Он даже теперь остался невозмутим. Снял очки, легонько постучал ими по столу. Отпихнул.

— Мила, что опять не так? Ещё месяц назад мы планировали ребёнка. Что, чёрт возьми, случилось теперь?

И я увидела, что его спокойствие — напускное. На самом деле он едва сдерживался, чтобы не перейти на крик.

— Что. Опять. Не так?!

— Мне кажется это очевидно. У нас давно уже нет семьи как таковой, Ник.

— Всё зависит от того, что ты вкладываешь в это понятие.

— И ты меня не любишь.

Он нервно потёр подбородок, усмехнулся:

— А тебе не кажется, что в таких вещах стоит говорить только за себя?

— Хорошо, — упрямо не отвела я взгляда. — Я не люблю тебя Ник. И ты прекрасно это знаешь.

— А кого любишь?

Вопрос был неожиданный, в лоб, и я тут же машинально набрала воздуха, чтобы выпалить: «Никого», но замерла. Медленно выдохнула.

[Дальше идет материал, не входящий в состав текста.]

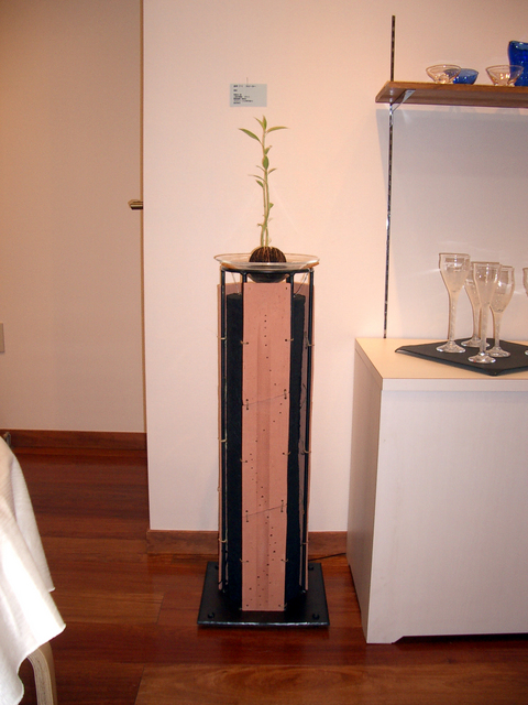 スピーカーはわかるかしら?鉄の細い棒6本で円筒(=六角柱)を作って、1列おき(つまり3列)に素焼きの陶板が麻ひもでゆわえつけてあります。内部は黒い和紙を円筒形にしてアンプを仕込み、鉄の筒にすぽっと入ってます。てっぺんのガラスは透明な円推型です。
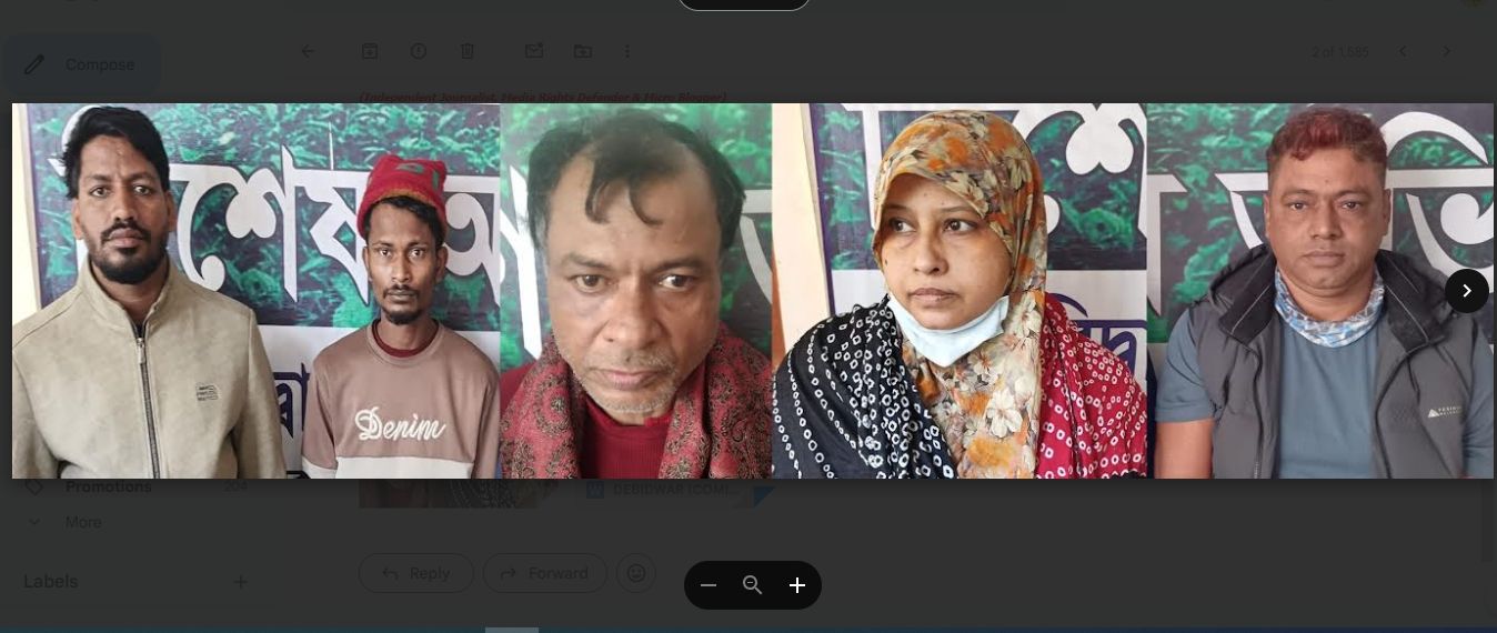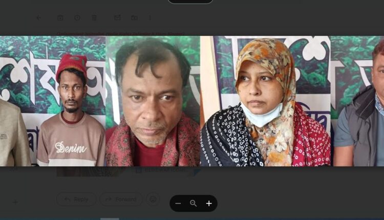 আটককৃতরা হলেন,- দেবীদ্বার পৌর এলাকার ছোট আলমপুর গ্রামের সাহেব আলী মেম্বারের বাড়ির ইসমাইল হোসেনের ছেলে বিল্লাল হোসেন বিল্লু (৩৫) ও তার ছোট ভাই মো. জালাল উদ্দিন পিন্টু (২৮), একই গ্রামের মৃত আব্দুর রাজ্জাক (মনু মেম্বার)’র ছেলে মো. মহসীন মিয়া (৫২), তার স্ত্রী আমেনা আক্তার (৪৫) এবং সুবিল ইউনিয়নের ওয়াহেদপুর গ্রামের হুমায়ুন মিয়ার ছেলে মো. পাভেল মিয়া (২৩)।

— Другого. Я люблю другого, Ник.

* * *

Прошла неделя. Николос  так и не ответил ни да, ни нет, сказал только, что ему надо подумать. Да и в целом был спокоен, если не считать той разовой вспышки гнева, когда он одним широким движением сгрёб со стола всё, что попалось под руку — включая компьютерный монитор, и выскочил из кабинета.

Самое интересное, что и обстановка в доме практически не изменилась: всё было так же размеренно и внешне стабильно. Я даже была уверена, что Алекс и не догадывается о том, что проживание Ника в гостевой спальне, это не очередной кризис родительских отношений, а реально начало конца. В любом случае, я не собиралась ждать до бесконечности и просто подгадывала удобный момент, чтобы сказать Нику о том, что если он так и не даст мне ответ, я подам на развод в одностороннем порядке.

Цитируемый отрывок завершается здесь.